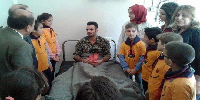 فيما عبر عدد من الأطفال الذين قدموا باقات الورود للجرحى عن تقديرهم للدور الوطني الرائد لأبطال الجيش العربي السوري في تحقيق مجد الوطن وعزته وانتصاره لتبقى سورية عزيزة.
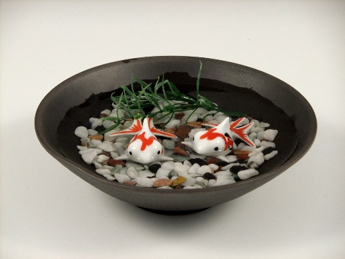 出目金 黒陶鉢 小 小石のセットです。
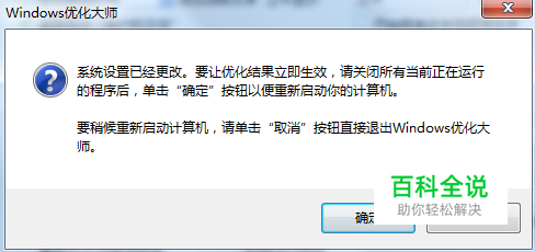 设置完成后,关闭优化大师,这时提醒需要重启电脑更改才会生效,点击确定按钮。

» **WORK INSTRUCTIONS**:
A verbatim retyping of the listing, without any pictures, is the expected answer.

» **YOUR SOLUTION**:
 فيما عبر عدد من الأطفال الذين قدموا باقات الورود للجرحى عن تقديرهم للدور الوطني الرائد لأبطال الجيش العربي السوري في تحقيق مجد الوطن وعزته وانتصاره لتبقى سورية عزيزة.
 出目金 黒陶鉢 小 小石のセットです。
 设置完成后,关闭优化大师,这时提醒需要重启电脑更改才会生效,点击确定按钮。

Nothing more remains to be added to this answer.